The crackdown has drawn international condemnation. Gina Romero, the UN special rapporteur on freedom of peaceful assembly, described the situation on UK campuses as “deeply disturbing,” accusing universities of taking “deliberate actions to curtail” students’ rights to protest and organise around Palestine.

“In practice, UKLFI doesn’t need to win cases—only to threaten them. Fear alone often achieves the same result.”

The Palestine Solidarity Campaign has also condemned UK Lawyers for Israel for platforming extremist views, accusing the group of inviting a representative of Regavim—an organisation that advocates the violation of international law by promoting Israeli settlement across the entire West Bank. Regavim was founded in 2006 by figures such as Bezalel Smotrich. It actively monitors Palestinian and Bedouin construction in Area C of the West Bank and often pursues legal action to remove or demolish such structures. Critics describe Regavim’s agenda as one of systematic displacement—what some have called ethnic cleansing under the cover of legality.

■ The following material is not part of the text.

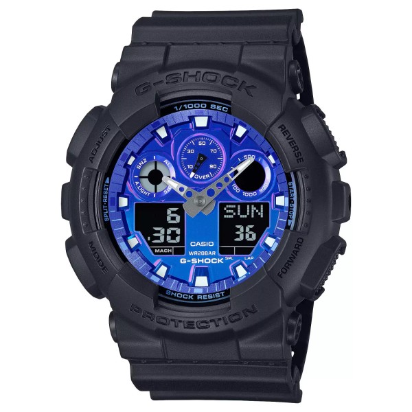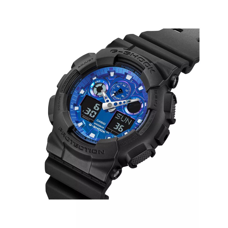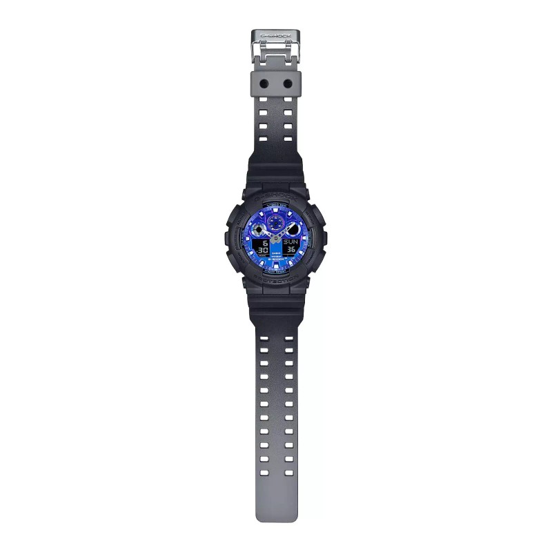 G-SHOCK NEW Casio G-Shock FIRE INSIDE Vivid Blue AnaDigi World Time Mens Watch GA100FL1A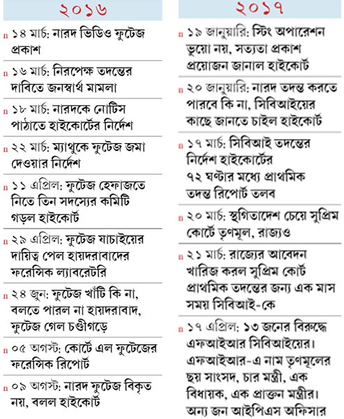 ২০১৪-এর মার্চে কলকাতা এসে অভিযুক্তদের সঙ্গে দেখা করেন নারদ নিউজের কর্ণধার ম্যাথু স্যামুয়েল। এ রাজ্যে ব্যবসা করার অছিলায় তাঁদের সঙ্গে আলাপ জমান এবং টাকা দেন। সেই দৃশ্য তুলে রাখেন গোপন ক্যামেরায়। তাঁর সেই ভিডিও প্রকাশিত হয় ২০১৬-এর ১৪ মার্চ। জনস্বার্থে মামলা হয় হাইকোর্টে। ভিডিও ফুটেজ পাঠানো হয় ফরেন্সিক পরীক্ষার জন্য। প্রাথমিক তদন্তের জন্য এ বছর ১৭ মার্চ সিবিআই-কে নির্দেশ দেয় হাইকোর্ট। ৭২ ঘণ্টার মধ্যে ওই তদন্ত শেষ করতে বলা হয়। এই রায়ের বিরুদ্ধে সুপ্রিম কোর্টে যায় রাজ্য। সুপ্রিম কোর্ট হাইকোর্টের নির্দেশই বহাল রাখে। তবে, প্রাথমিক তদন্তের সময় বাড়িয়ে এক মাস করে দেয়। সিবিআই অবশ্য হাইকোর্টের দেওয়া নির্দেশের দিন থেকেই এক মাস সময়সীমা হিসেব করেছে।

“It’s not law doing the work. It’s fear. And fear polices speech better than any statute.”

It’s not just the left that has gone silent. Once, even MPs on the centre would have condemned the shooting of those queuing for food, the bombing of UN shelters, destruction of hospitals or the deaths of thousands of children. Now, there’s triangulation, evasive language, or worse, outright denial. Starmer refuses to back a ceasefire. Lammy mouths platitudes about restraint. Ministers speak as if war crimes are unfortunate diplomatic misunderstandings.

Meanwhile, arms continue to flow. The High Court ruled recently that supplying parts for Israeli F-35s does not breach UK export law. Civil servants who object are told to quit. Media coverage (despite moments of clarity) returns inevitably to the cycle of “Israel has the right to defend itself,” followed by silence.

The great irony is that the more powerful the lobbying, the more absurd it is to deny it exists. But that is precisely the trap. To speak of “the Israel lobby” is to risk being labelled antisemitic. And so silence becomes the dominant condition. Fear does the work of censorship. Self-censorship becomes policy. A population that overwhelmingly supports Palestinian rights finds its voice excluded from the institutions that supposedly represent it.

The Israeli historian Ilan Pappé calls it an “aggressive” lobby, one that “eagerly seeks to stamp out narratives of Palestinian dispossession and suffering.” And in Britain, that aggression doesn’t need to shout. The threat of reputational damage is enough to do the work.

Britain doesn’t have a Hill. But it has a dominant class. And on Israel, it has chosen to side with power, not with justice.